Exercise =>
Give every line of the data again, unchanged, but with no pictures.

Supplied data =>
═══

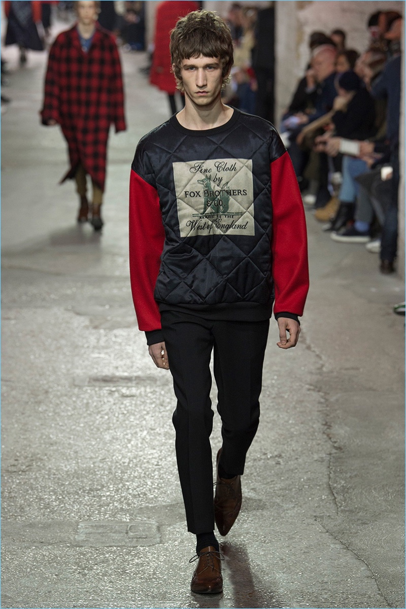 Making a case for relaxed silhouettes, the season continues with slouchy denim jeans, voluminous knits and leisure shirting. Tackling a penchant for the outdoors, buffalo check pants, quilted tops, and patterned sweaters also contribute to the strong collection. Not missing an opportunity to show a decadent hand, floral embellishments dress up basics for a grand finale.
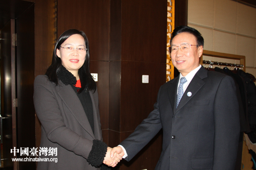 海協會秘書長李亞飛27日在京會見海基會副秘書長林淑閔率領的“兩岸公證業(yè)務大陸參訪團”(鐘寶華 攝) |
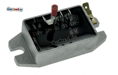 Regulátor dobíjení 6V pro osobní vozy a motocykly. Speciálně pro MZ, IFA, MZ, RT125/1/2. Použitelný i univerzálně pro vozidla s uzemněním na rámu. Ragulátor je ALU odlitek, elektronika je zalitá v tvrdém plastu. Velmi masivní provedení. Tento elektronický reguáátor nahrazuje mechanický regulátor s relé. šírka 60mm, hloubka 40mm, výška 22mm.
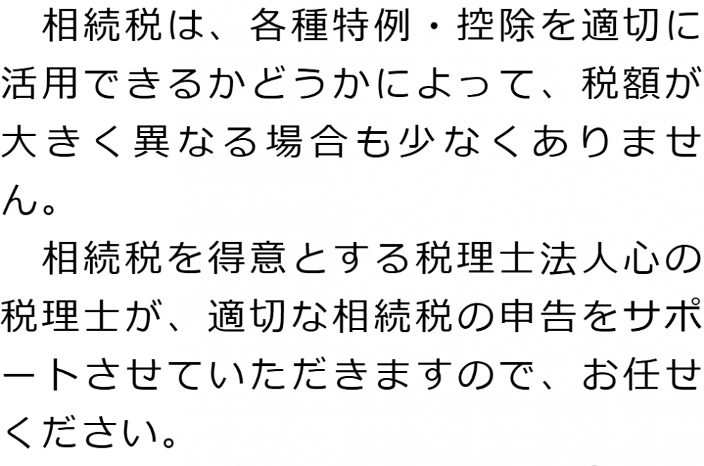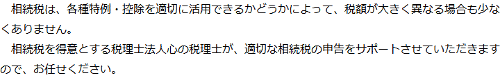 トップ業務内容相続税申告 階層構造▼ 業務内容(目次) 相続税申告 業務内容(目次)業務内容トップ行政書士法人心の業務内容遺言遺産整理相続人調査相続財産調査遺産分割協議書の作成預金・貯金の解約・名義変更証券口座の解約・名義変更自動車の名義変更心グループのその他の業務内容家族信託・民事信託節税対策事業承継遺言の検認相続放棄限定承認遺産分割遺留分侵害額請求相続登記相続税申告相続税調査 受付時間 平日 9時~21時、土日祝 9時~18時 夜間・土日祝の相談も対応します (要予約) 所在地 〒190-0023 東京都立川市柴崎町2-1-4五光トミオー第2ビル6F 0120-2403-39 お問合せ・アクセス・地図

═══

Response area =>
 Making a case for relaxed silhouettes, the season continues with slouchy denim jeans, voluminous knits and leisure shirting. Tackling a penchant for the outdoors, buffalo check pants, quilted tops, and patterned sweaters also contribute to the strong collection. Not missing an opportunity to show a decadent hand, floral embellishments dress up basics for a grand finale.
 海協會秘書長李亞飛27日在京會見海基會副秘書長林淑閔率領的“兩岸公證業(yè)務大陸參訪團”(鐘寶華 攝) |
 Regulátor dobíjení 6V pro osobní vozy a motocykly. Speciálně pro MZ, IFA, MZ, RT125/1/2. Použitelný i univerzálně pro vozidla s uzemněním na rámu. Ragulátor je ALU odlitek, elektronika je zalitá v tvrdém plastu. Velmi masivní provedení. Tento elektronický reguáátor nahrazuje mechanický regulátor s relé. šírka 60mm, hloubka 40mm, výška 22mm.
 トップ業務内容相続税申告 階層構造▼ 業務内容(目次) 相続税申告 業務内容(目次)業務内容トップ行政書士法人心の業務内容遺言遺産整理相続人調査相続財産調査遺産分割協議書の作成預金・貯金の解約・名義変更証券口座の解約・名義変更自動車の名義変更心グループのその他の業務内容家族信託・民事信託節税対策事業承継遺言の検認相続放棄限定承認遺産分割遺留分侵害額請求相続登記相続税申告相続税調査 受付時間 平日 9時~21時、土日祝 9時~18時 夜間・土日祝の相談も対応します (要予約) 所在地 〒190-0023 東京都立川市柴崎町2-1-4五光トミオー第2ビル6F 0120-2403-39 お問合せ・アクセス・地図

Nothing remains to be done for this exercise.